Uptodai.com - Spekulasi mengenai ekspansi raksasa hiburan global semakin menguat setelah CEO Comcast, perusahaan induk Universal Studios, dikabarkan mengunjungi Timur Tengah. Wacana pembangunan taman hiburan Universal Studios Arab Saudi kini menjadi perbincangan hangat di kalangan investor dan pengamat pariwisata regional.

Rencana pembangunan fasilitas bernilai miliaran dolar ini masih berada dalam tahap konsep awal. Namun, potensi lokasinya sudah mengerucut pada satu nama, yakni Qiddiya. Qiddiya merupakan mega proyek rekreasi dan pariwisata baru yang tengah digarap oleh Kerajaan Saudi, dirancang untuk menjadi pusat hiburan terbesar di dunia.

Menilik Kunjungan CEO Comcast dan Lokasi Potensial Universal Studios

Brian Roberts, CEO Comcast, baru-baru ini dilaporkan menghadiri konferensi investasi penting di Riyadh. Kunjungan tersebut memiliki agenda ganda, tidak hanya berfokus pada diskusi keuangan, tetapi juga mencakup peninjauan langsung ke lokasi Qiddiya yang sangat luas.

Roberts memang mengonfirmasi bahwa diskusi mengenai proyek tersebut sudah dimulai, namun ia menekankan bahwa proyek Universal Studios Arab Saudi tersebut belum mencapai tahap final. Pada tahap ini, pihak Universal belum merinci waralaba, wahana, atau atraksi ikonik mana yang akan dibawa dan diadaptasi untuk pasar Timur Tengah.

Namun, kehadiran taman hiburan ini akan menjadi bagian integral dari strategi besar Arab Saudi untuk mendiversifikasi sumber pendapatan negaranya. Investasi besar ini mencerminkan ambisi Saudi untuk menantang dominasi pasar hiburan regional yang selama ini dipegang oleh Uni Emirat Arab.

Qiddiya: Jantung Visi 2030 dan Pesaing Disney

Inisiatif ini merupakan bagian krusial dari Visi 2030, strategi nasional yang digagas oleh Putra Mahkota Mohammed bin Salman. Tujuannya sangat jelas, yaitu mengurangi ketergantungan ekonomi Kerajaan terhadap sektor minyak, sekaligus memperkuat infrastruktur rekreasi, pariwisata, dan budaya.

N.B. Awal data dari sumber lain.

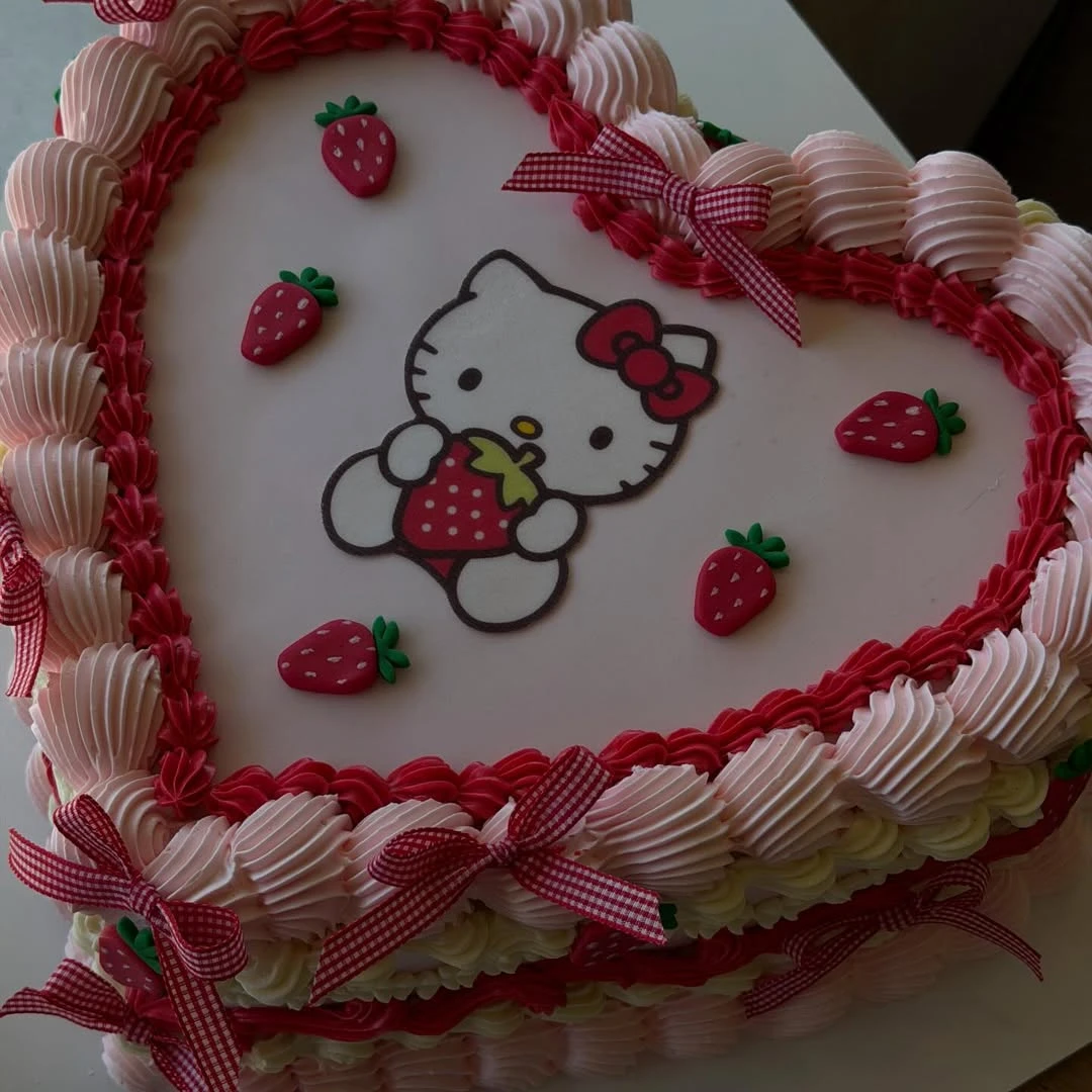 La segunda torta fue pura ternura: un diseño de Hello Kitty en forma de corazón, decorado con crema en tonos rosa y blanco, pequeñas frutillas y la icónica gatita sosteniendo una fresa en el centro. El borde estaba realzado con moños de cinta roja, reforzando el espíritu kawaii que enamoró a sus seguidores.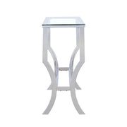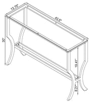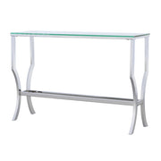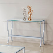 Add modern sophistication to your home with this sleek rectangular console table. Featuring a clear tempered glass top and a matching lower shelf, it offers ample space for storage or display. The elegant curved legs and open design enhance its airy, contemporary feel, while the electroplated polished chrome frame ensures durability and style. Perfect for hallways, entryways, or behind a sofa, this console table blends functionality with a striking modern aesthetic.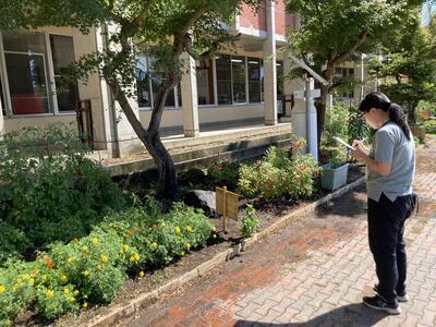 今日は「花いっぱいコンクール」の審査員さんが来校し、磐梯一小の花壇を見て行かれました。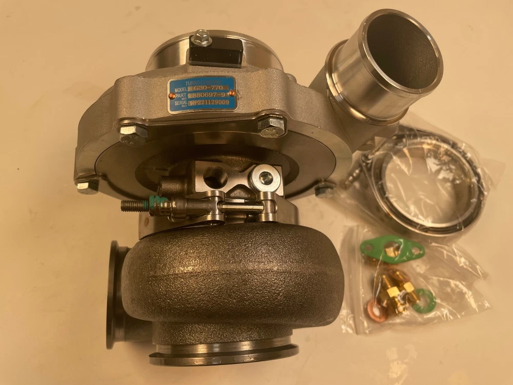 Turbo model for G-Series G30-770 770770G30-770AR83-V-band horsepower:475-770HP Fit engine displacement 2.0-3.5L 9 blades Point billet compressor wheel bearing type:Ceramic Dual ball bearing cooled type:water and oil cooled oil restrictor & water fittings included Includes Oil Feed (1mm) Restrictor Fitting to -4AN Includes two Coolant Fittings to -6AN Includes Turbine Housing Outlet V-Band Clamps Refer Part #: 880697 Compressor details a/r 0.72 anti-surge air inlet 4" air outlet 2" inducer 57.56mm exducer 71.40mm Compressor Trim: 65 Turbine details a/r .83 Turbine Housing Inlet: 3 Inch O.D. V-Band Turbine Housing Outlet: 3.55 inch (90mm)O.D. w/81mm centering ring V-Band inducer 60.00mm exducer 54.98mm Turbine Trim: 84 ****************Very Important Points******************* 1.Please make sure to open the box immediately when taking delivery, to avoid any potential issues Do NOT sign for any damaged package and report it to the couriers immediately, let the couriers sign for damage, then Contact us please! We will work with the couriers to solve shipping issues. 2.we can accepet customized order!more products you order, the price will be nice.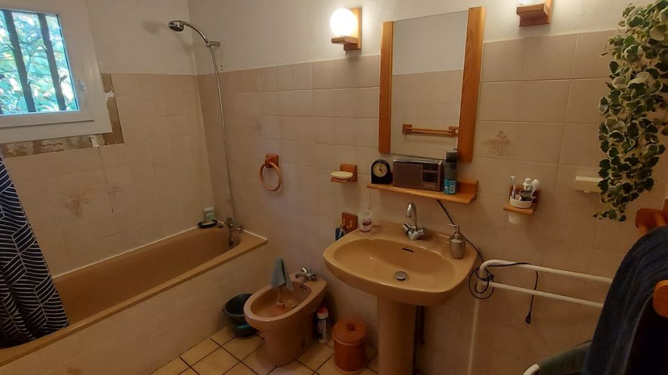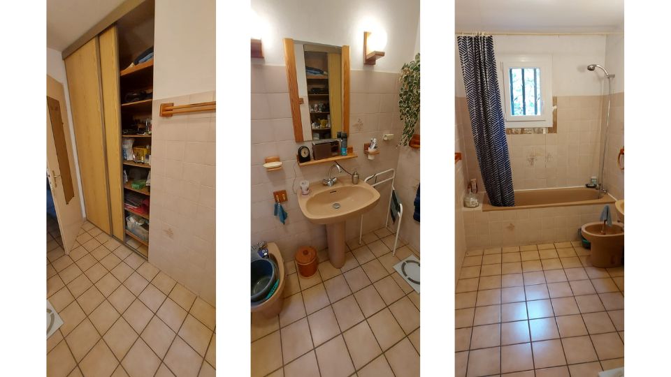 La salle de bain n’a jamais été rénovée depuis sa construction en 1987. Elle dispose d’une baignoire, d’un bidet et d’un évier sur pied. Un grand placard complète l’ensemble. L’objectif est de la moderniser, la rendre plus lumineuse et d’installer une douche à la place de la baignoire.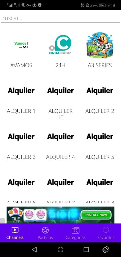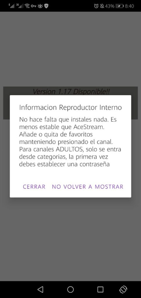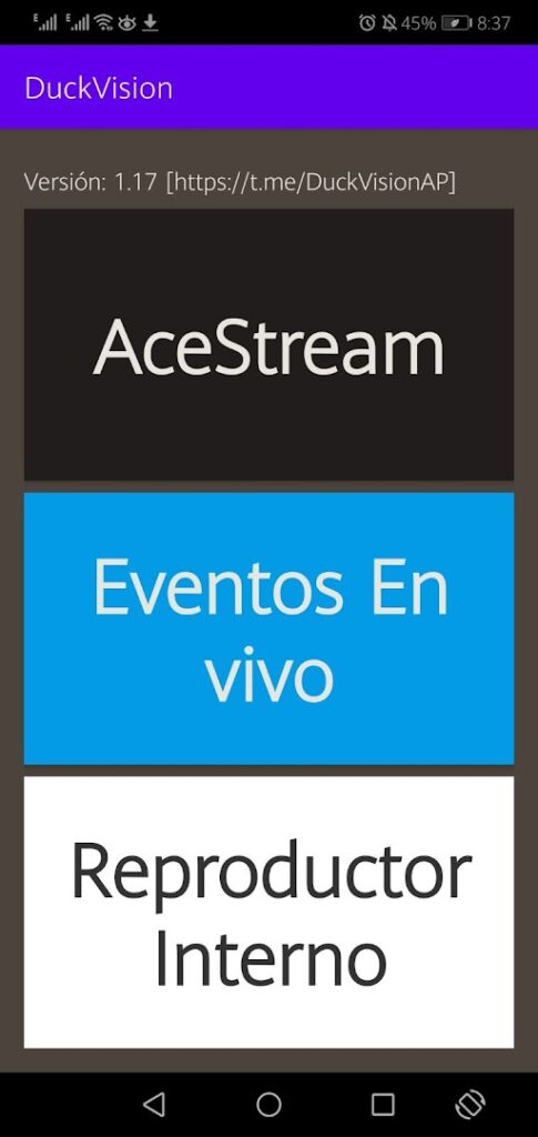 To access Live TV channels and many other features of the app, tap on Reproductor Interno. You will see an updated page with the menu list.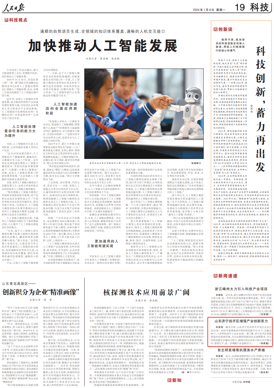 人民日報 | 山東濟寧經(jīng)開區(qū)增強產(chǎn)業(yè)創(chuàng)新活力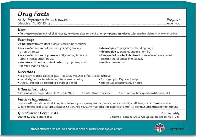 - Precautions: This medication should not be combined with any other medication or product containing Meclizine. As with all supplements and medications, be sure to consult with your veterinarian first.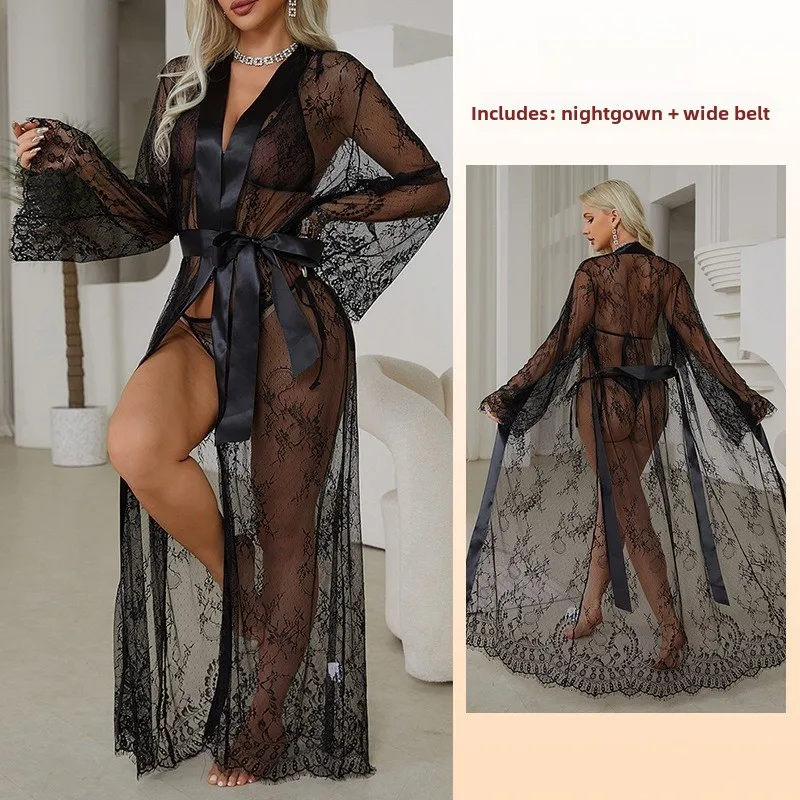 Set da 2 pezzi da donna sexy in pizzo camicia da notte vestaglia set lingerie trasparente indumenti da notte scollo a V manica lunga homewear con cintura larga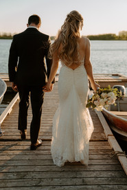 As the evening progressed, Kristin and Kevin took a moment to slip away with their talented photographer to capture stunning sunset photos on the dock. These beautiful images, set against the backdrop of the setting sun, perfectly encapsulated the romance and intimacy of their special day.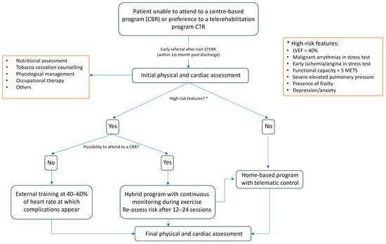 In this scenario, cardiac telerehabilitation (CTR) can be an upcoming alternative to center-based cardiac rehabilitation (CBCR) to overcome referral barriers [90]. There are several studies that show both safety and cost effectiveness, even implementing high-intensity interval training. However, there are several drawbacks to these programs. The structure of an optimal program is still uncertain as most studies are small and their methodology is variable. The ideal candidate profile for CTR is not well established [91]. Several factors have been related to a lower adherence to CTR, including older age, lower educational level, lower exercise capacity, and coronary artery bypass grafting [90,91]. Importantly in CTR, the patient’s or at least family’s knowledge on technology systems must be adequate. Patients at a high risk of events after the initial assessment (e.g., ventricular arrhythmias or induced ischemia in stress test, persistent angina, or low ventricular ejection fraction) might need cardiac monitoring during exercise, thus leading to the recommendation of a CBCR program. An intermediate approach to this problem could be hybrid programs, which can include an initial part of CBCR followed by a CTR once the risk of adverse events is proven to be low (Figure 4). Initial experiences show similar short-term benefits compared to CBCR [92] and, along with CTR, they could help to improve patients’ adherence to CR programs. Nevertheless, and similarly to CTR, the optimal structure of these programs is yet to be elucidated, with there being a lack of long-term evidence [93].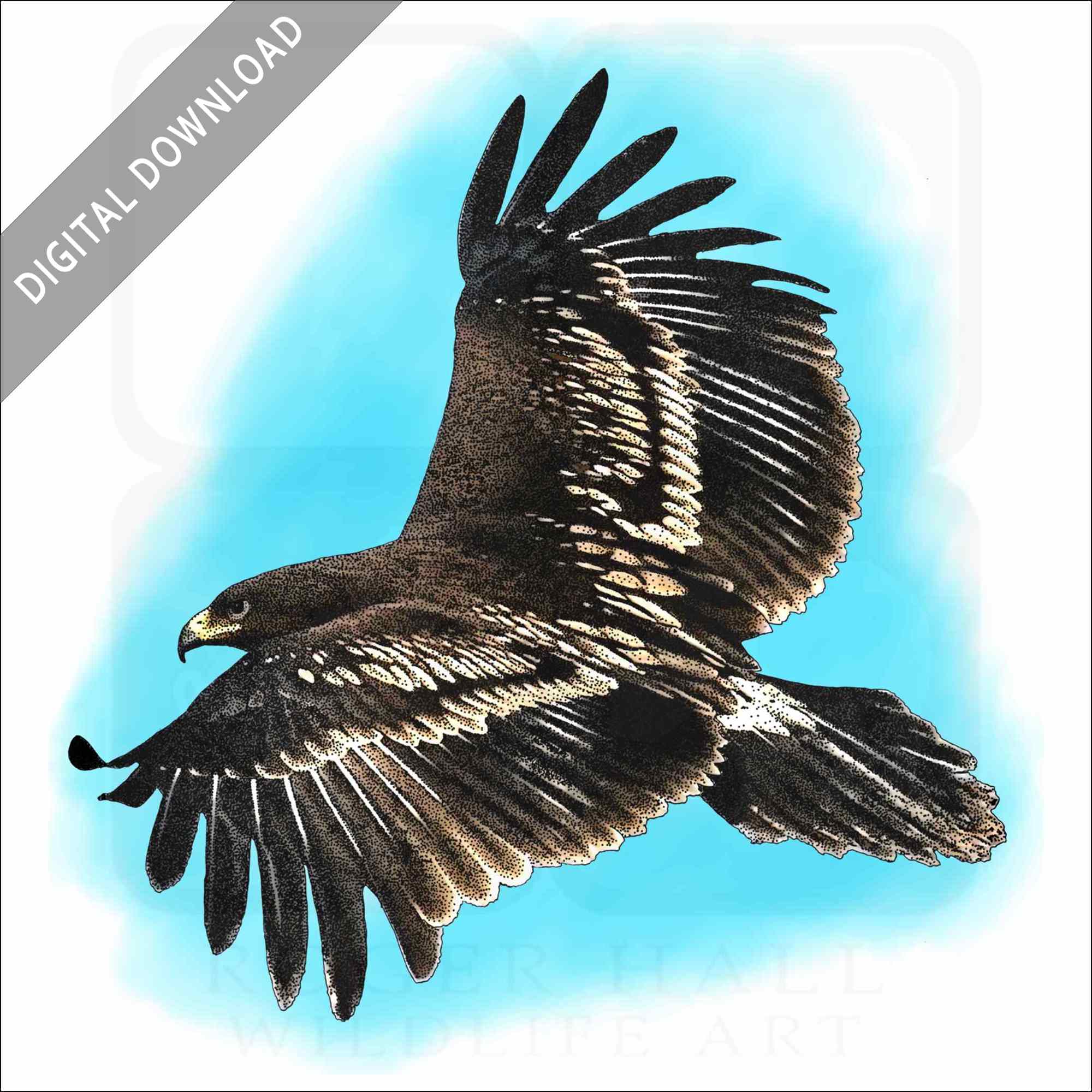 Stock art illustration of a Greater Spotted Eagle (Clanga clanga.) The illustration is available in black and white or color for immediate download.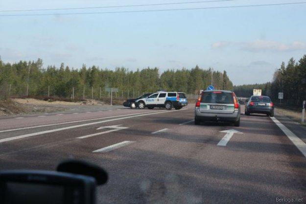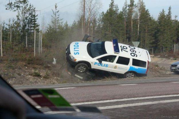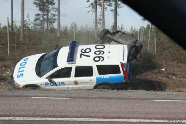 Шведская полиция гналась за двумя пьяными автоугонщиками. В какой-то момент полицейский автомобиль Volvo XC70, который двигался во встречном направлении, резко развернулся и протаранил Audi A6, в котором сидели угонщики. "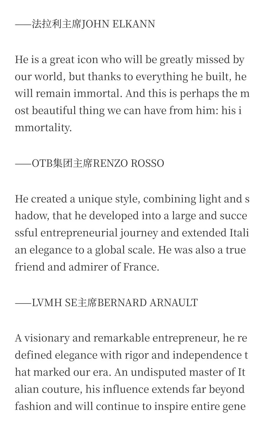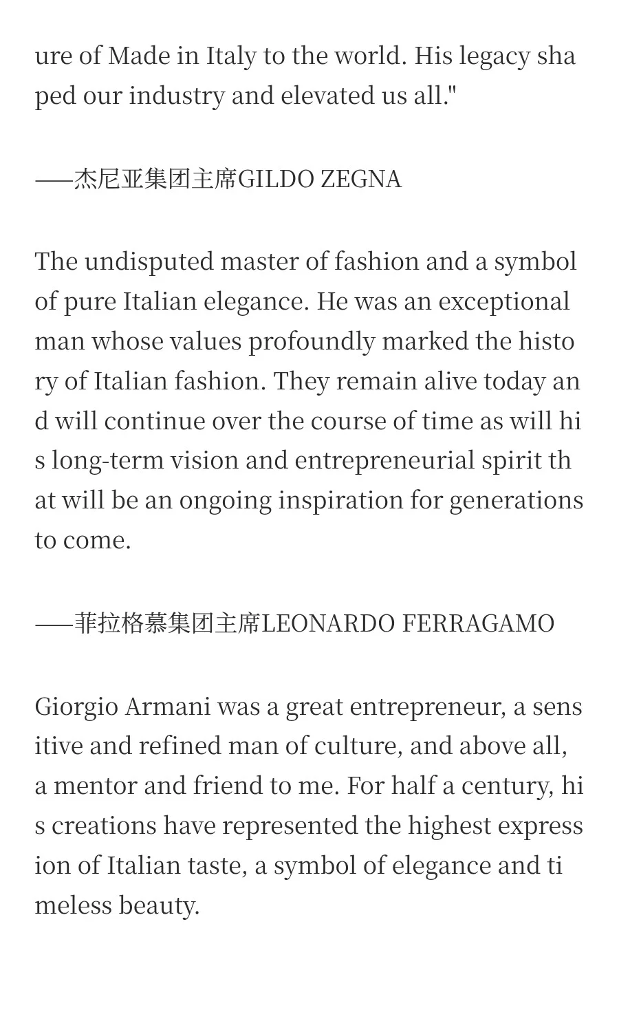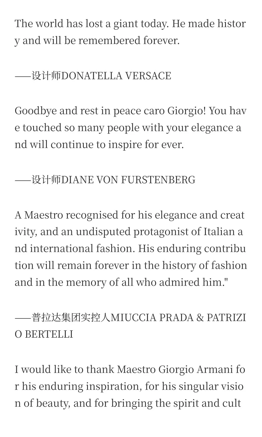 久未发声、当世仅存的经历二战的时装设计师Valentino Garavani也对其深情悼念:“我哀悼的是一个我从未将其当作竞争对手而是一直认为其是朋友的人。我能做的只是向他巨大的天赋和给时尚界带来的改变,尤其是他对一种风格——Giorgio Armani自己的风格坚定不移的忠诚致敬。”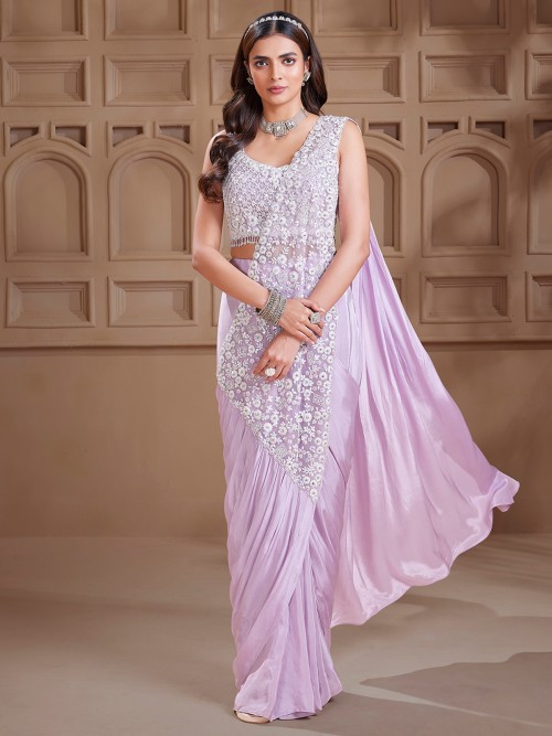 Wearing this lavender designer satin ready-to-wear saree will add to your ethnic charm and make you look sophisticated. It is a distinctive choice because it is embellished with sequins, cutdana, stone, and beaded work. Includes a pre-made blouse.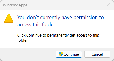 Un autre problème est que vous ne pouvez pas ouvrir le dossier WindowsApps à partir de l’explorateur de fichiers. Windows 11 vous indiquera que vous n’êtes actuellement pas autorisé à accéder à ce dossier.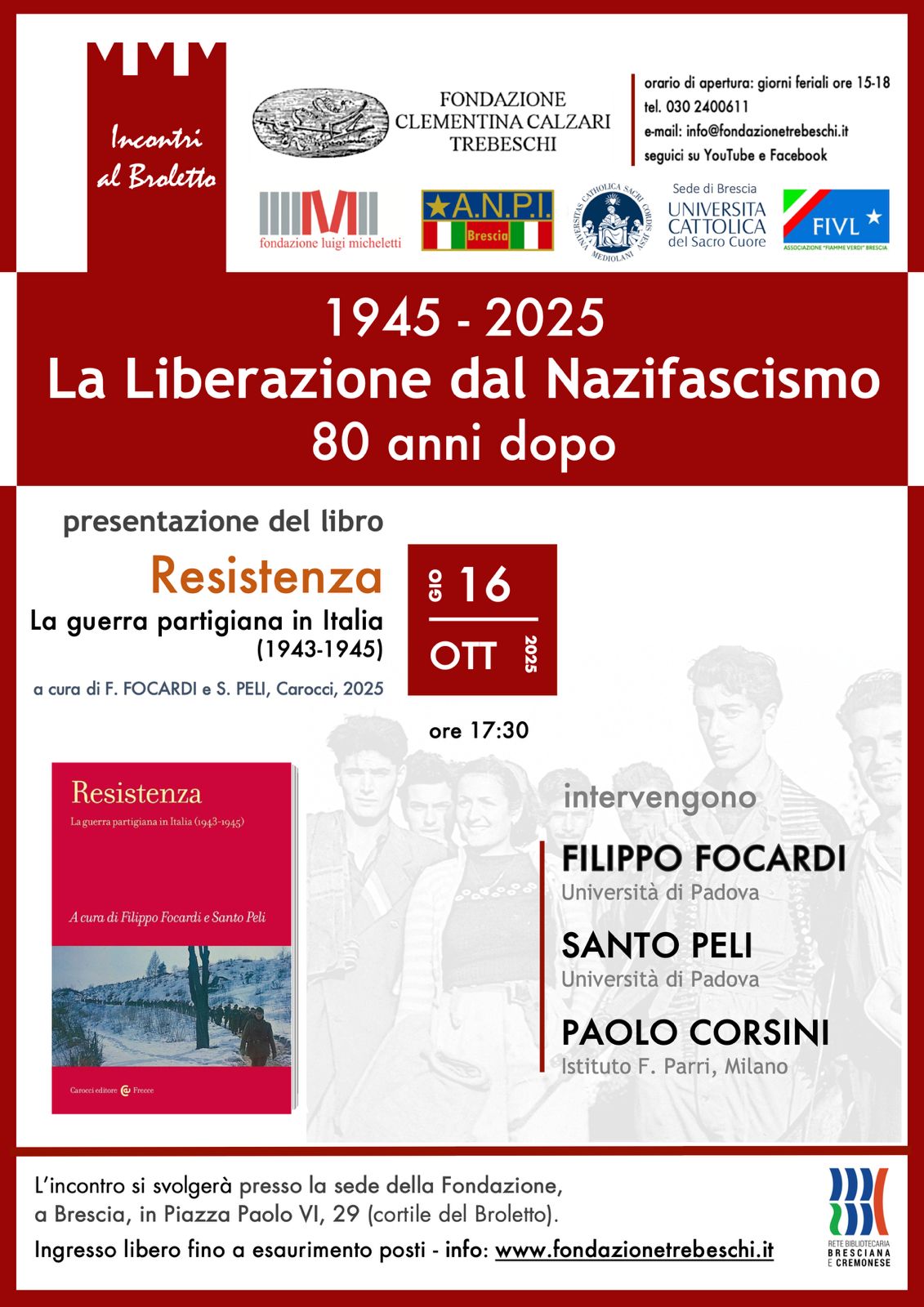 Presentazione del libro Resistenza La guerra partigiana in Italia (1943-1945) a cura di F. Focardi e S. Peli Intervengono: Filippo Focardi, Università di Padova Santo Peli, Università di Padova Paolo Corsini, Istituto F. Parri, Milano.

Proyek Qiddiya didanai sepenuhnya oleh Dana Investasi Publik Saudi (PIF) dan dirancang dengan skala yang fantastis. Kawasan ini membentang seluas 334 kilometer persegi, menjadikannya sekitar dua setengah kali lipat ukuran Disney World yang ikonik di Florida, Amerika Serikat.

Dorongan untuk mengembangkan taman hiburan berskala global di Teluk memang sedang marak dan kompetitif. Awal tahun ini, Walt Disney Company telah mengumumkan kemitraan dengan pengembang Miral di Abu Dhabi, Uni Emirat Arab, untuk membangun taman hiburan di ibu kota UEA.

Arab Saudi sendiri sudah memiliki proyek hiburan besar lainnya yang siap diluncurkan. Salah satunya adalah Six Flags Qiddiya City, taman hiburan pertama di Kerajaan tersebut, yang dijadwalkan dibuka di Riyadh pada 31 Desember 2025.

Target Pengunjung dan Dampak Ekonomi Proyek

Dana Investasi Publik Saudi menargetkan Qiddiya mampu menarik hingga 48 juta pengunjung setiap tahun setelah beroperasi penuh. Jika target ini tercapai, proyek ini diperkirakan akan menyumbang sekitar SAR17 miliar, atau setara dengan $4,5 miliar, terhadap Produk Domestik Bruto (PDB) negara tersebut.

Sektor pariwisata Arab Saudi telah menunjukkan pertumbuhan yang eksplosif dalam beberapa tahun terakhir. Pada tahun 2024, Kerajaan mencatat lebih dari 100 juta pengunjung secara total, termasuk sekitar 30 juta wisatawan internasional.

Angka sementara untuk paruh pertama tahun 2025 juga menunjukkan pertumbuhan kuat yang berkelanjutan, dengan 60,9 juta pengunjung tercatat. Angka-angka ini memperkuat keyakinan bahwa investasi besar di sektor rekreasi, seperti potensi pembangunan Universal Studios Arab Saudi, akan membuahkan hasil signifikan dalam diversifikasi ekonomi Saudi.